Dataset items
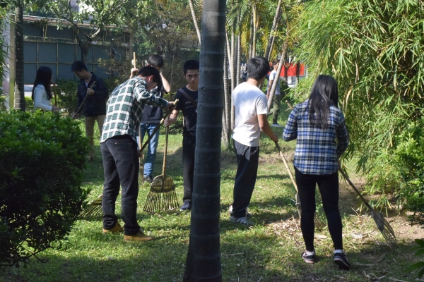 动员全体大一学生对全校环境卫生进行大扫除活动。
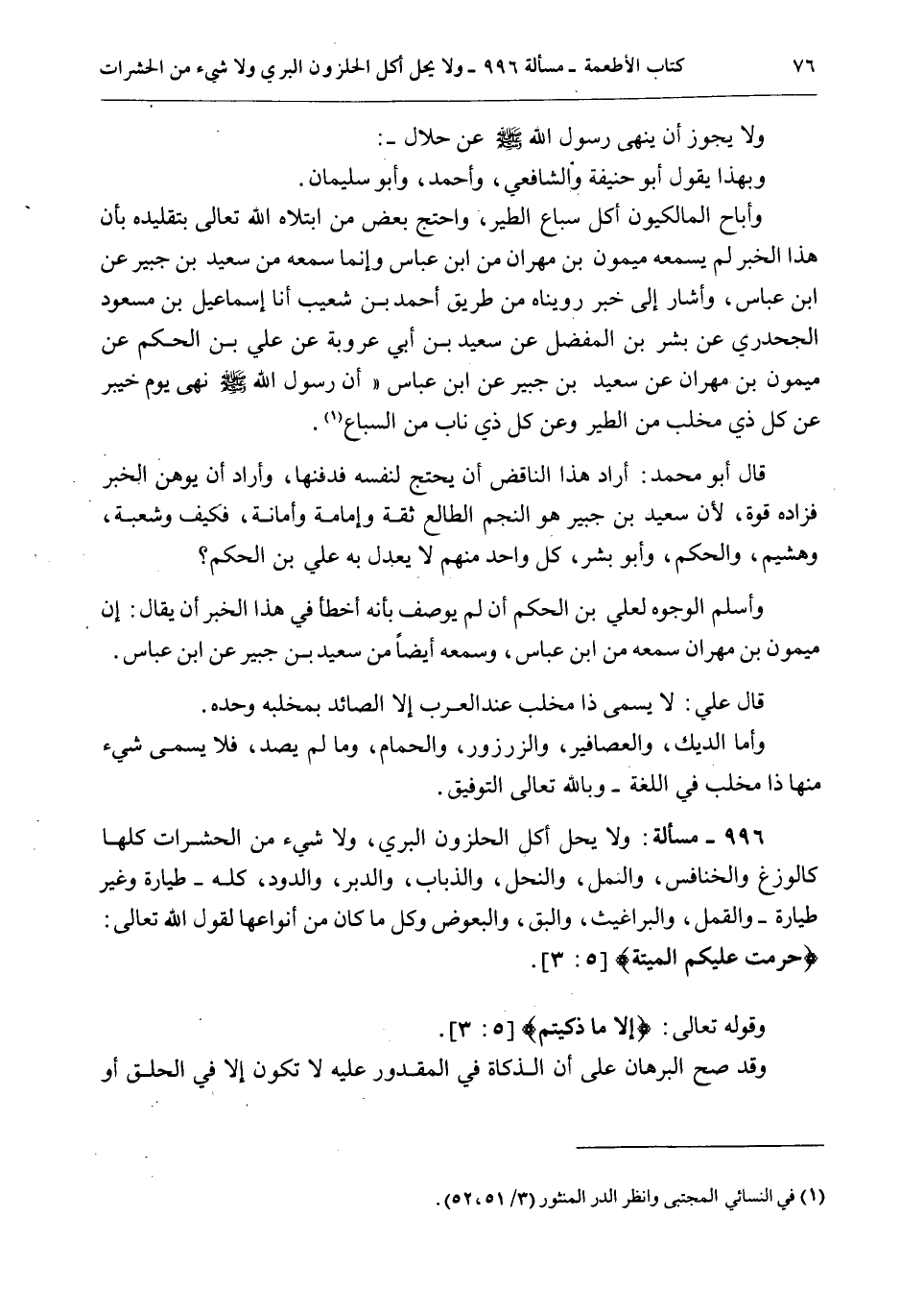 وَأَبَاحَ الْمَالِكِيُّونَ أَكْلَ سِبَاعِ الطَّيْرِ، وَاحْتَجَّ بَعْضُ مَنْ ابْتَلَاهُ اللَّهُ تَعَالَى بِتَقْلِيدِهِ بِأَنَّ هَذَا الْخَبَرَ لَمْ يَسْمَعْهُ مَيْمُونُ بْنُ مِهْرَانَ مِنْ ابْنِ عَبَّاسٍ وَإِنَّمَا سَمِعَهُ مِنْ سَعِيدِ بْنِ جُبَيْرٍ عَنْ ابْنِ عَبَّاسٍ، وَأَشَارَ إلَى خَبَرٍ رُوِّينَاهُ مِنْ طَرِيقِ أَحْمَدَ بْنِ شُعَيْبَ أَنَا إسْمَاعِيلُ بْنُ مَسْعُودٍ الْجَحْدَرِيُّ عَنْ بِشْرِ بْنِ الْمُفَضَّلِ عَنْ سَعِيدِ بْنِ أَبِي عَرُوبَةَ عَنْ عَلِيِّ بْنِ الْحَكَمِ عَنْ مَيْمُونِ بْنِ مِهْرَانَ عَنْ سَعِيدِ بْنِ جُبَيْرٍ عَنْ ابْنِ عَبَّاسٍ «أَنَّ رَسُولَ اللَّهِ - صَلَّى اللَّهُ عَلَيْهِ وَسَلَّمَ - نَهَى يَوْمَ خَيْبَرَ عَنْ كُلِّ ذِي مِخْلَبٍ مِنْ الطَّيْرِ وَعَنْ كُلِّ ذِي نَابٍ مِنْ السِّبَاعِ» .
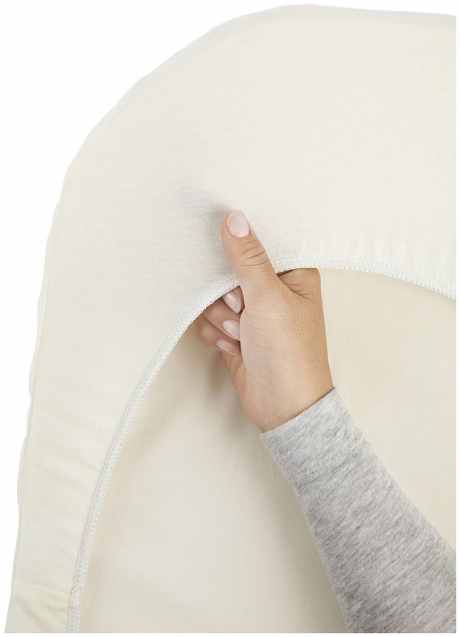 The BabyBjörn Cradle fitted sheet is made from organic cotton. The fabric is guaranteed free from hazardous substances and will not trigger allergies. The sheet is tailored to fit the mattress and stays stretched and held in place by elastic bands. Easy to take off and machine-wash. The textiles closest to the child have been tested and approved in accordance with Oeko-Tex Standard 100, class 1 for baby products. They are guaranteed harmless to children’s sensitive skin and will not trigger allergies.
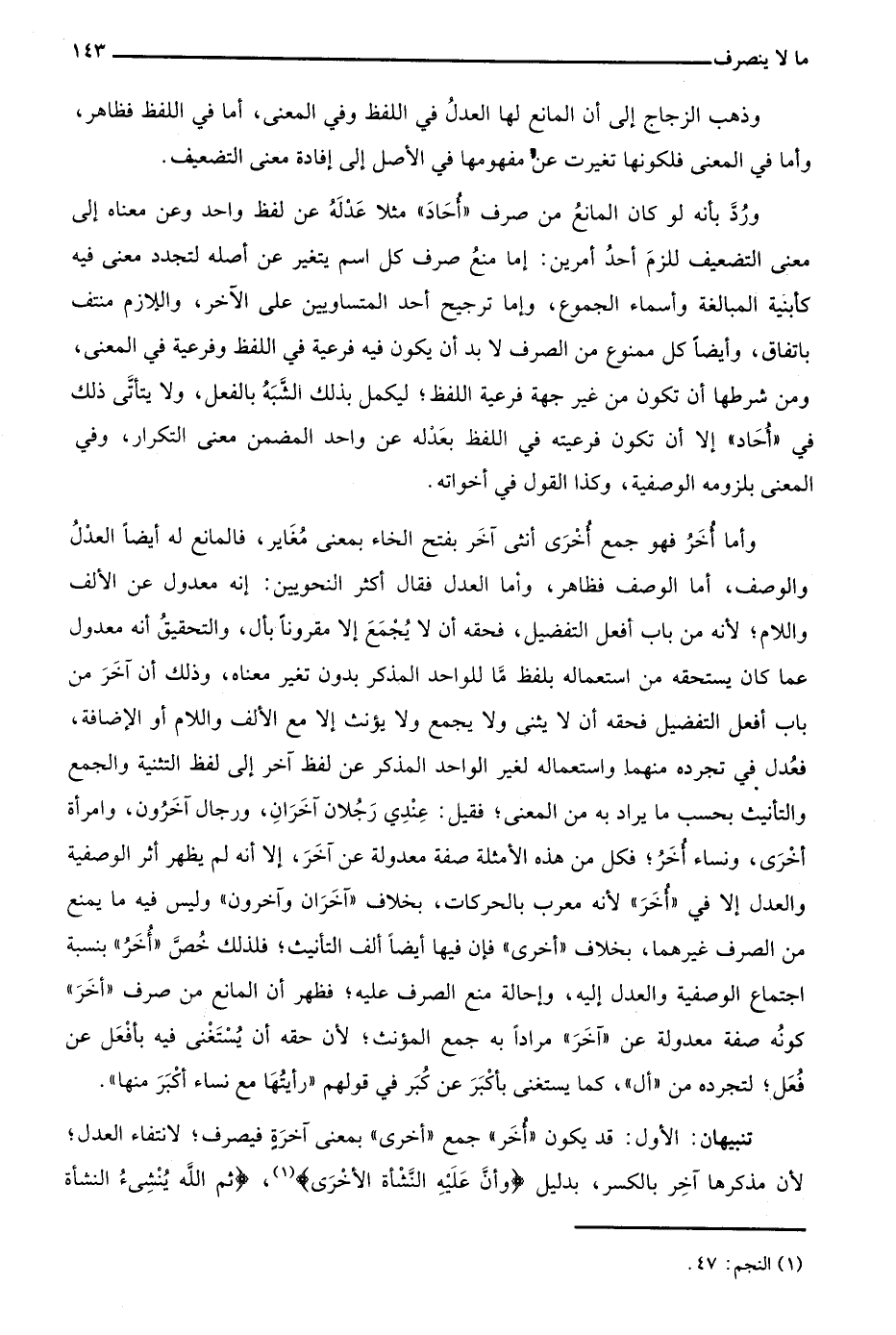 تنبيهان: الأوّل: قد يكون "أخر" جمع "أخرى" بمعنى آخرة فيصرف؛ لانتفاء العدل؛ لأن مذكرها آخر بالكسر، بدليل: {وَأَنَّ عَلَيْهِ النَّشْأَةَ الْأُخْرَى} 1، {ثُمَّ اللَّهُ يُنْشِئُ النَّشْأَةَ
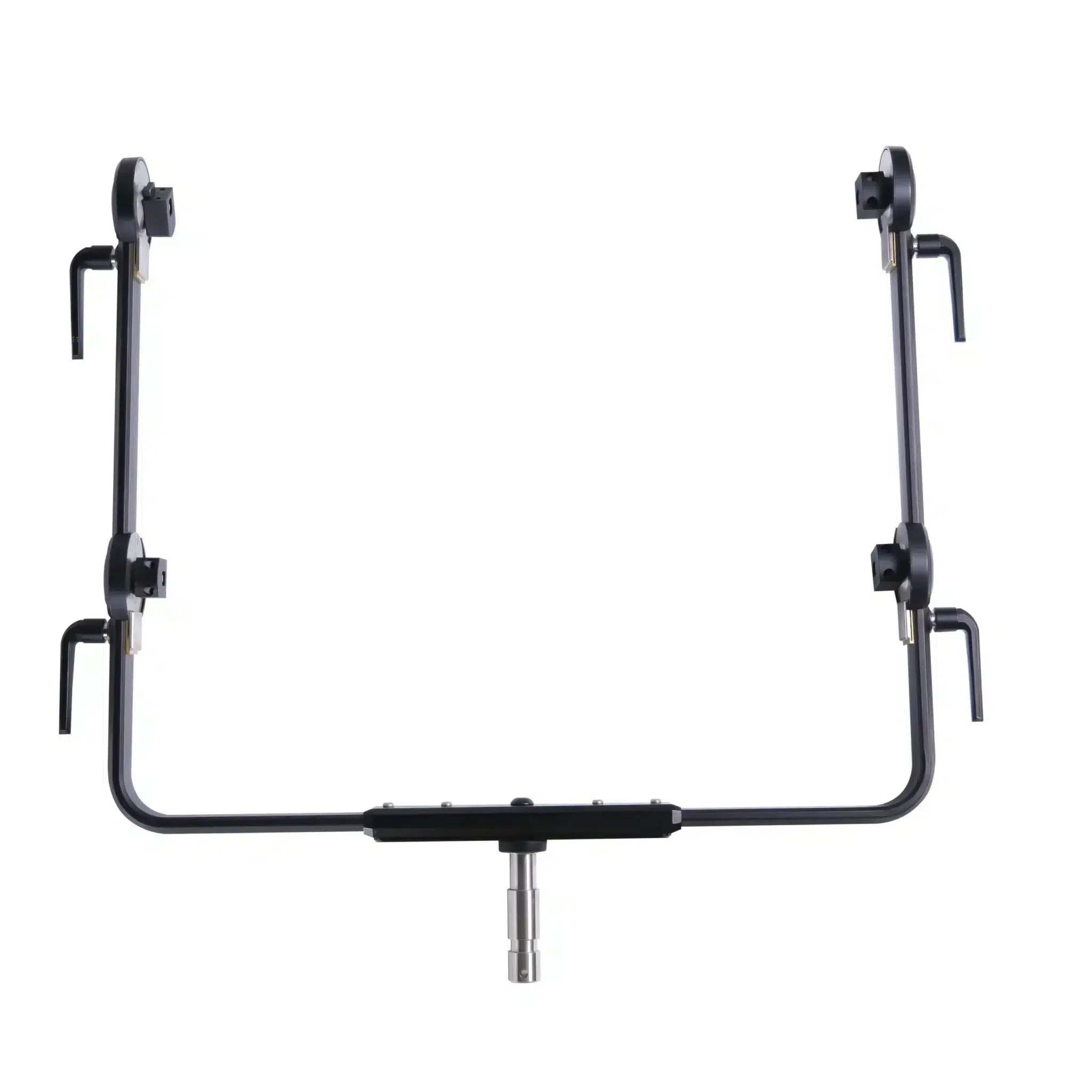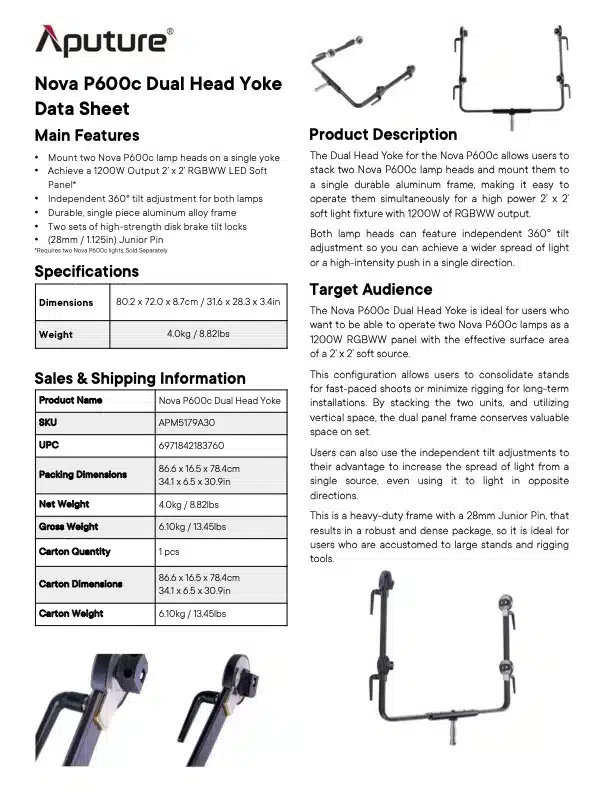 The Dual Head Yoke for the Nova P600c allows users to stack two Nova P600c lamp heads and mount them to a single durable aluminum frame, making it easy to operate them simultaneously for a high power 2’ x 2’ soft light fixture with 1200W of RGBWW output.

> **Task objective**
Print exactly the lines from the first line of the records above through the line containing "تنبيهان: الأوّل: قد", leaving out the pictures.

> **Task answer**
 动员全体大一学生对全校环境卫生进行大扫除活动。
 وَأَبَاحَ الْمَالِكِيُّونَ أَكْلَ سِبَاعِ الطَّيْرِ، وَاحْتَجَّ بَعْضُ مَنْ ابْتَلَاهُ اللَّهُ تَعَالَى بِتَقْلِيدِهِ بِأَنَّ هَذَا الْخَبَرَ لَمْ يَسْمَعْهُ مَيْمُونُ بْنُ مِهْرَانَ مِنْ ابْنِ عَبَّاسٍ وَإِنَّمَا سَمِعَهُ مِنْ سَعِيدِ بْنِ جُبَيْرٍ عَنْ ابْنِ عَبَّاسٍ، وَأَشَارَ إلَى خَبَرٍ رُوِّينَاهُ مِنْ طَرِيقِ أَحْمَدَ بْنِ شُعَيْبَ أَنَا إسْمَاعِيلُ بْنُ مَسْعُودٍ الْجَحْدَرِيُّ عَنْ بِشْرِ بْنِ الْمُفَضَّلِ عَنْ سَعِيدِ بْنِ أَبِي عَرُوبَةَ عَنْ عَلِيِّ بْنِ الْحَكَمِ عَنْ مَيْمُونِ بْنِ مِهْرَانَ عَنْ سَعِيدِ بْنِ جُبَيْرٍ عَنْ ابْنِ عَبَّاسٍ «أَنَّ رَسُولَ اللَّهِ - صَلَّى اللَّهُ عَلَيْهِ وَسَلَّمَ - نَهَى يَوْمَ خَيْبَرَ عَنْ كُلِّ ذِي مِخْلَبٍ مِنْ الطَّيْرِ وَعَنْ كُلِّ ذِي نَابٍ مِنْ السِّبَاعِ» .
 The BabyBjörn Cradle fitted sheet is made from organic cotton. The fabric is guaranteed free from hazardous substances and will not trigger allergies. The sheet is tailored to fit the mattress and stays stretched and held in place by elastic bands. Easy to take off and machine-wash. The textiles closest to the child have been tested and approved in accordance with Oeko-Tex Standard 100, class 1 for baby products. They are guaranteed harmless to children’s sensitive skin and will not trigger allergies.
 تنبيهان: الأوّل: قد يكون "أخر" جمع "أخرى" بمعنى آخرة فيصرف؛ لانتفاء العدل؛ لأن مذكرها آخر بالكسر، بدليل: {وَأَنَّ عَلَيْهِ النَّشْأَةَ الْأُخْرَى} 1، {ثُمَّ اللَّهُ يُنْشِئُ النَّشْأَةَ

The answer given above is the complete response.